Small God of the Dozens
Supporter
The so what is entirely about table enjoyment. If your players are having fun then fine, very cool. If it's one drama queen leading the charge then less so.
 

Tallifer

Hero
There's a pretty big difference between "I'm bringing personal issues into the game" metagaming and "I'm prioritizing moving the plot over character immersion" metagaming. The first is bad, and the second is good.
Indeed. It irritates me when a player keeps pretending not to know something because another player did explicitly parrot a word-for-word repetition of the information which was already shared openly at the table. It drives me up the wall when a player will insist on acting in the most foolish way possible because "no one told me" even when the dungeon master says "yes, X told Y all about it when he got back... do you still want to do that?"
 

Lanefan

Victoria Rules
The point of an RPG is to engage with the world as our character does, as though it was a real place, and not just a story. That's the unique thing, which distinguishes an RPG from any other type of game.
I largely agree with this.

Meta-gaming is bad because it means you aren't doing that anymore. You aren't engaging in the world as your character would, if they were a real person, living in a real world. Once you start operating on story logic, then all you're left with is a story. It no long reflects that unique thing, which is only possible in an RPG.
But I don't as largely agree with this, because it's quite possible - very possible - to operate on story logic and still be fully in-character.

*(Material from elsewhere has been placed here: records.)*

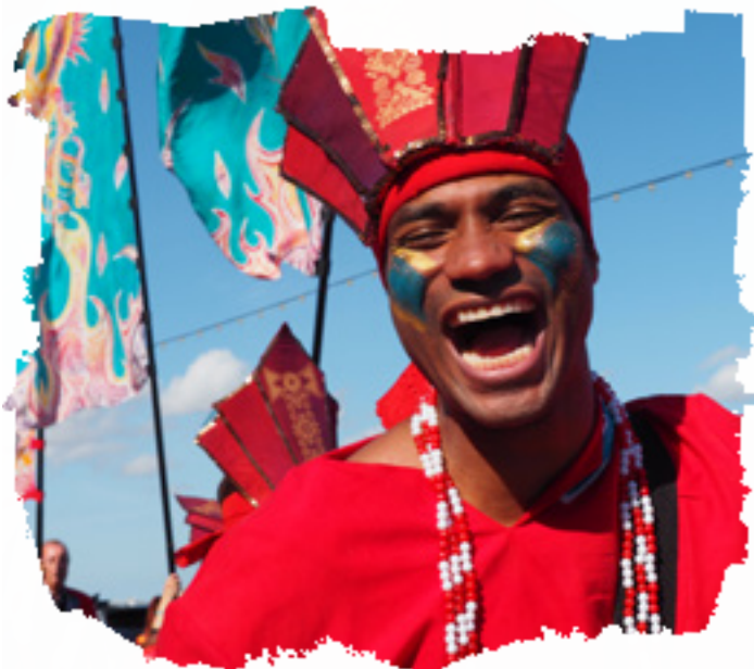
All smiles at Festival of the Sky, Cleethorpes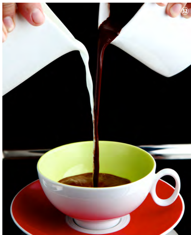
CHOCOLAT CHAUD À L'ANCIENNE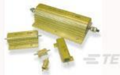
TE Part #2-1630012-8 HSC150 22R 5%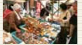
Wajima Morning Market (map G2)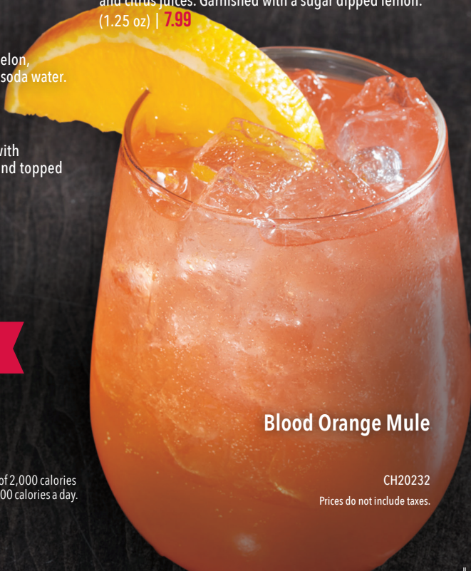
Blood Orange Mule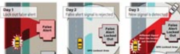
GPS-powered TrueLock™ technology permanently locks out false alerts by exact location and frequency.

PASSPORT 9500i • Red $449.95 + S&H (OH res. add tax) PASSPORT 9500i • Blue $499.95 + S&H (OH res. add tax)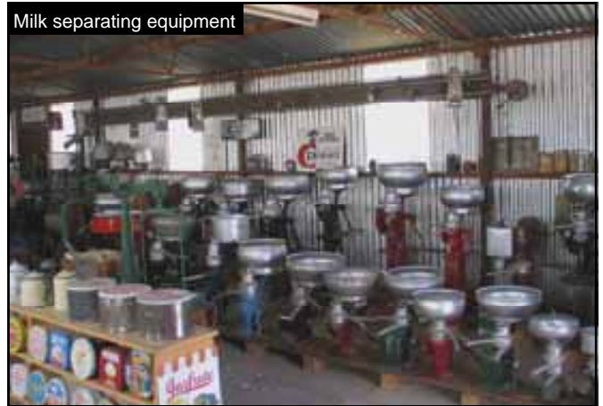
Milk separating equipment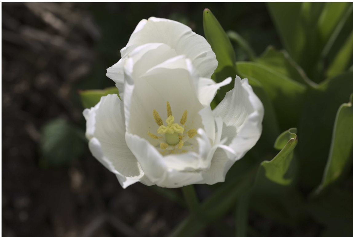
F47B6488 - White tulip.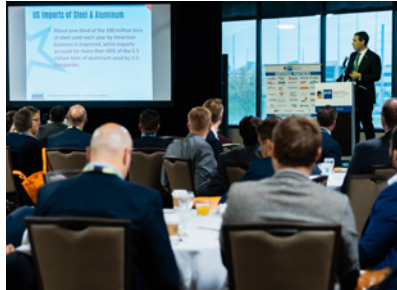
Southern SME Forum April | Birmingham, AL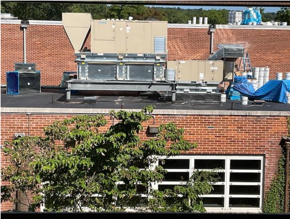
Rooftop ducting underway- Area C (Gym) shown.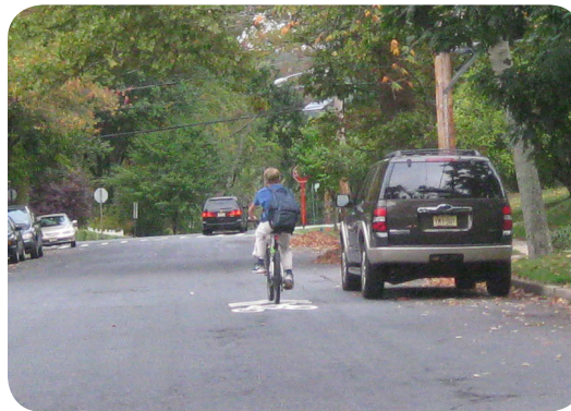
A student riding a bicycle over a sharrow in Maplewood, NJ.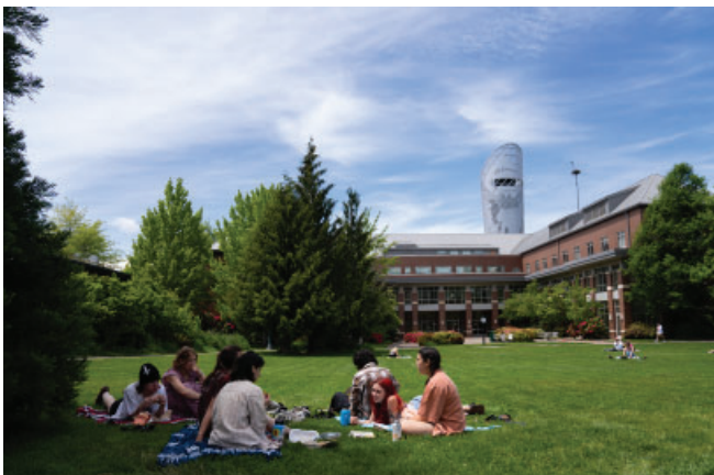
East Campus Green, 2024

The 1991 Long Range Campus Development Plan represented a continuation of these planning traditions. A large body of norms, traditions, and development principles had developed over the course of the institution’s history, but had remained unwritten or at best recorded only in repetitive actions of individuals and groups engaged in campus development activities.

It simply means the character has connected the dots and figured out what's going on*, and is acting on that basis. Not always that hard to do provided that a) the character is halfway intelligent and b) the DM provides enough in-fiction clues (or "dots") to allow a pattern to emerge that the character can work out and then follow.

* - or thinks it has; only time will tell if it's right or not. :)
 

Lanefan

Victoria Rules
You are practicing full immersion roleplaying, which is a type of roleplaying. Most other players practice other types of roleplaying.
Now here I'll ask: how many have even tried full-immersion RP?

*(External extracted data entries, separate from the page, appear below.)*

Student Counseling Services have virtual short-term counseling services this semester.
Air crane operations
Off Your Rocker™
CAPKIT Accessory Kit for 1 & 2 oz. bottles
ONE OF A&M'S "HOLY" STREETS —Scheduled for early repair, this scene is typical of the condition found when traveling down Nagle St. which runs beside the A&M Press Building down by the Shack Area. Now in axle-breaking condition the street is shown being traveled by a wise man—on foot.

For me, full-immersion is kind of like a holy grail - it's out there somewhere, and now and then I almost see it in the distance, but I've yet to be able to achieve it other than for a few fleeting moments at a time now and then.

That said, I've never really done any LARP, where from what I gather full immersion is somewhat easier.
 


Lanefan

Victoria Rules
I hope that any well-adjusted adult here, which may already be asking too much from people, could recognize here that the problem is not metagaming, but personal issues between Bob and the Speaker. Bob and the Speaker should handle this between themselves like adults. But in no way is the actual problem here metagaming. It's the personal lives of the players. So we should probably stop pretending like metagaming is the disease rather than a mere symptom. IME, metagaming is almost always the symptom of an underlying problem at the table rather than the actual problem itself.
Yes, and when you can't cure the root problem all you're left with is to suppress the symptoms as best you can.

It's not my place to sort out any out-of-game problems between Bob and the Speaker. If they're both friends of mine outside the game, I could try; but even then in the end it's their headache to deal with as they see fit.

It is, however, my place to sort out what happens at the table I'm running; which means whatever's going on between them out-of-game is, as far as I can manage it, not going to be allowed to influence what happens in the fiction of my game.